The accrediting body is “uninterested or incapable” of enforcing its own rules, said Nissen, who groused that he had written letters to ACCME complaining of bias in continuing education but hadn't received so much as an acknowledgment.

“Whatever ACCME is doing is ineffective,” said Nissen. “We need ACCME to go away and we need to replace it with something else.” He said industry-funded CME is a huge driver of healthcare costs, estimating that the government could save $900 billion over 10 years on unnecessary prescribing of branded drugs — in part through curbing bias in continuing education. "That's one of the ways we can pay for healthcare reform," said Nissen.

ACCME chief Dr. Murray Kopelow defended his organization at the hearing, detailing tougher guidelines that the group has instituted in recent months and saying that the lax practices described by critics “is in another time and another place.” But conflict-of-interest hawks far outnumbered defenders of the CME profession, and the event had the feel of a pile-on, as speaker after speaker painted a bleak picture of a CME enterprise that comingles marketing and education, and senators questioned the value of commercial support. What's the worth of industry-sponsored CME “other than a nicer hotel and shrimp?,” asked Sen. Al Franken (D-MN).

Lew Morris, general counsel at the Department of Health and Human Services' Office of the Inspector General, suggested that eliminating commercial support altogether was “appealing for its purity and simplicity,” and said drug and device companies must separate grant-writing functions from sales and marketing and eliminate any control over speakers and content — seemingly oblivious to the fact that they have already done so. Eric Campbell, of Harvard Medical School and the Institute of Medicine conflict of interest committee, said “the current system of funding is unacceptable and should not continue.”

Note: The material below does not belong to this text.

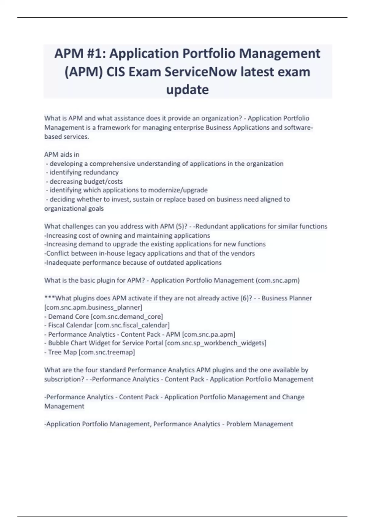 APM #1 Application Portfolio Management (APM) CIS Exam ServiceNow latest exam update

The hearing opened with a statement from committee chair Sen. Herb Kohl (D-WI), who scolded the AMA for failing to update its conflict of interest policy regarding CME and said “We are not suggesting that these financial relationships are rife with corruption, but it is clear to us that greater transparency, and perhaps stronger firewalls, should be considered.”

Other speakers included Jack Rusley of the American Medical Student Association, Dr. James Scully of the American Psychiatric Association and Dr. Thomas Stossel of Harvard and the Association of Clinical Researchers and Educators, a newly formed pro-CME industry group.

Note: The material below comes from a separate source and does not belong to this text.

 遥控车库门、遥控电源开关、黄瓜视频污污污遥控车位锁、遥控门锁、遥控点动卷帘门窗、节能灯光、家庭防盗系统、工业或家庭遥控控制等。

“If there is a crisis in continuing medical education today, it's the alarming drop in public and private investment in quality medical education," said John Kamp, executive director of the Coalition for Healthcare Communication, in a statement. "Our conversations with independent education providers from all sectors indicate that commercial support for CME has dropped 20 percent this year alone. Further decreases in CME funding would be harmful both to physicians and the patients they serve. In the midst of the health care reform debate, let's not be distracted by creating yet another possible cure for potential [conflicts of interest] when real people with real medical needs are our biggest challenge.”

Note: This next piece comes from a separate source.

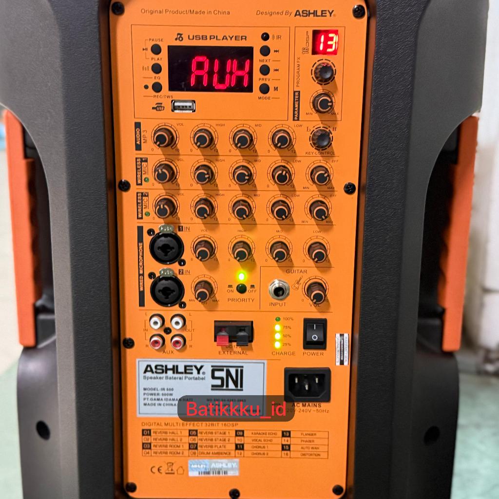 SPEAKER AKTIF PORTABLE ASHLEY IR 500 IR500 ORIGINAL NEW 12 INCH + 2 MIC WIRELESS ASHLEY

PhRMA noted in a statement that its member companies recently adopted new conflict of interest guidelines. "To safeguard against even the perception of a conflict of interest, medical societies and others already have drafted robust codes of conduct. PhRMA recently updated its ‘Code on Interactions With Healthcare Professionals,' making several changes designed to enhance the independence of CME," said the statment. "Among these new provisions, the PhRMA Code states that funding for CME should support a full range of treatment options and not promote a particular product; companies should separate CME grant-making decisions from sales and marketing departments; and companies should follow CME accreditation standards and respect the independent judgment of CME providers. There is no evidence that a company's funding of CME or other physician educational activities, when provided within appropriate guidelines, creates bias."